METHODS AND RESULTS: Medical information concerning all 943 871 live births in Norway in 1994-2009 was retrieved from the Medical Birth Registry of Norway, the Cardiovascular Disease in Norway project, the Oslo University Hospital's Clinical Registry of Congenital Heart Defects and the Norwegian Cause of Death Registry. Isolated VSDs were identified in 3495 children without known chromosomal aberrations or extracardiac malformations. Surgical or catheter-based treatment of VSD was performed in 181 (5.2%) cases. Twelve (0.3%) children with VSDs died before 2013. There was no operative mortality, and no excess mortality in children with isolated VSDs compared with children without VSDs (adjusted HR 0.8 (0.5 to 1.4), p=0.48). The following conditions were recorded as possible cardiac complications of the VSDs: endocarditis in 3 children (0.9‰), aortic regurgitation in 12 children (3.4‰), left ventricular outflow tract obstructions in no children (0.0‰), pulmonary hypertension in 1 child (0.3‰) and arrhythmias in 16 children (4.6‰).

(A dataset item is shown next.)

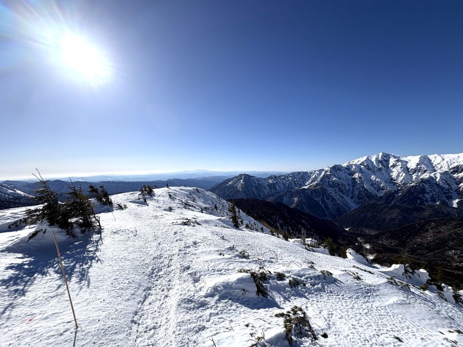 標高差数十メートル、すぐにこの稜線に出ます。ちょっと風がきついのでネックウォーマーを鼻まで引き上げて。そして、どうよ、もう、この爽快な空とアルプスの雪景色。

CONCLUSIONS: The entire group of children with isolated VSDs had a favourable prognosis without excess mortality. Cardiac complications requiring hospitalisation or intervention, including endocarditis, aortic regurgitation, left ventricular outflow tract obstructions, pulmonary hypertension and arrhythmias, were infrequent during childhood.
TRIAL REGISTRATION NUMBER: NCT02026557.